■ **Work required**:
Repeat what the lines below say, word for word, and skip every image.

■ **Supplied information**:
--- START ---

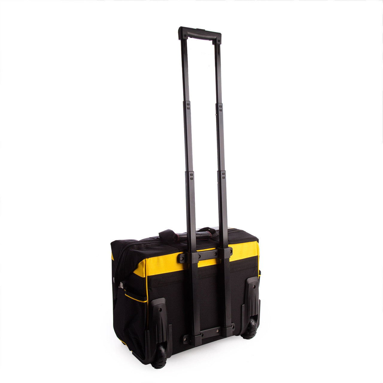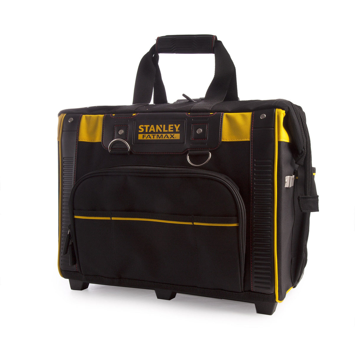 The Stanley FMST1-80148 FatMax bag on wheels has a heavy-duty telescopic handle and wheels for easy transportation and increased mobility. The bag has a large capacity and wide top opening for easy access, meaning it will hold multiple power tools, hand tools and accessories. Also has multiple pockets internally and externally for maximum organization.
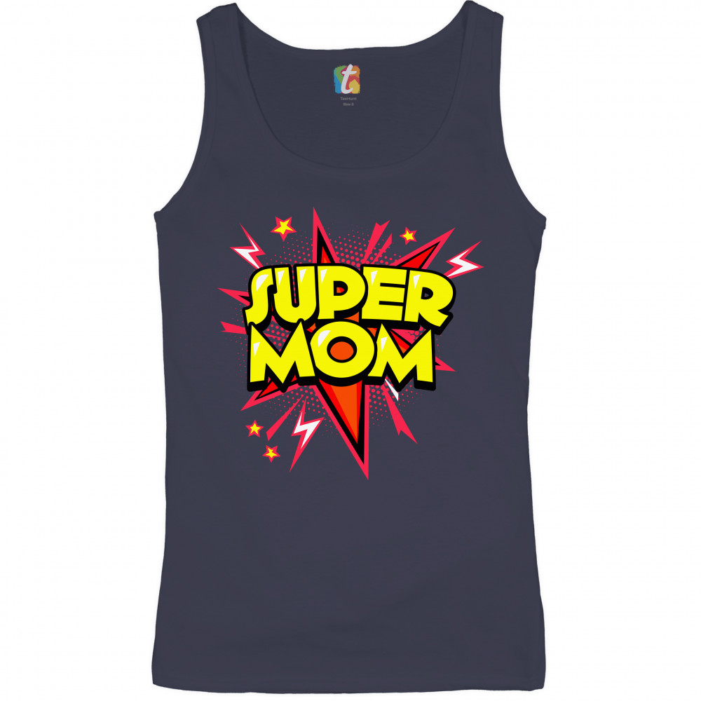 A bright print that says "super mom". Behind the words there is a cartoonish explosion with stars and lightnings flying everywhere. A great choice as a gift on Mother's Day for a loving caring mom.
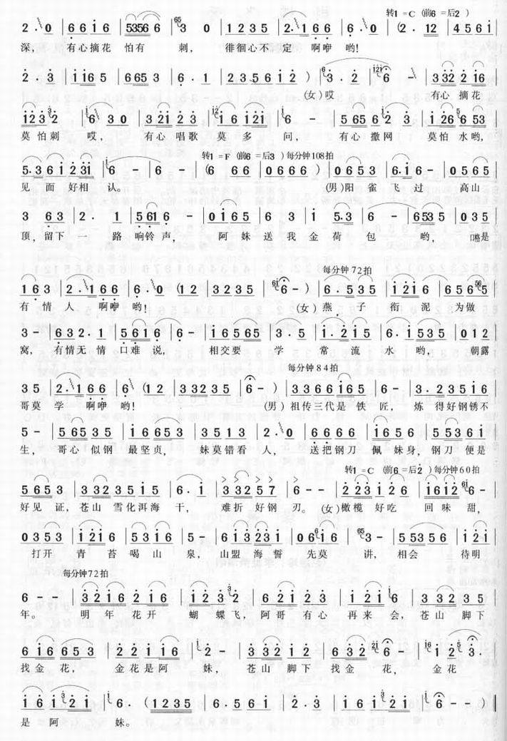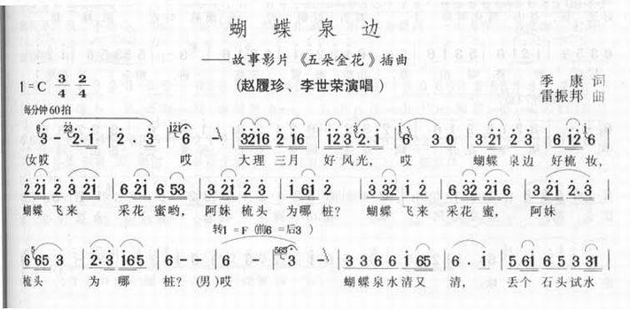 >> 蝴蝶泉边-赵履珍 李世荣(《五朵金花》影视简谱)

--- END ---

■ **Written response**:
 The Stanley FMST1-80148 FatMax bag on wheels has a heavy-duty telescopic handle and wheels for easy transportation and increased mobility. The bag has a large capacity and wide top opening for easy access, meaning it will hold multiple power tools, hand tools and accessories. Also has multiple pockets internally and externally for maximum organization.
 A bright print that says "super mom". Behind the words there is a cartoonish explosion with stars and lightnings flying everywhere. A great choice as a gift on Mother's Day for a loving caring mom.
 >> 蝴蝶泉边-赵履珍 李世荣(《五朵金花》影视简谱)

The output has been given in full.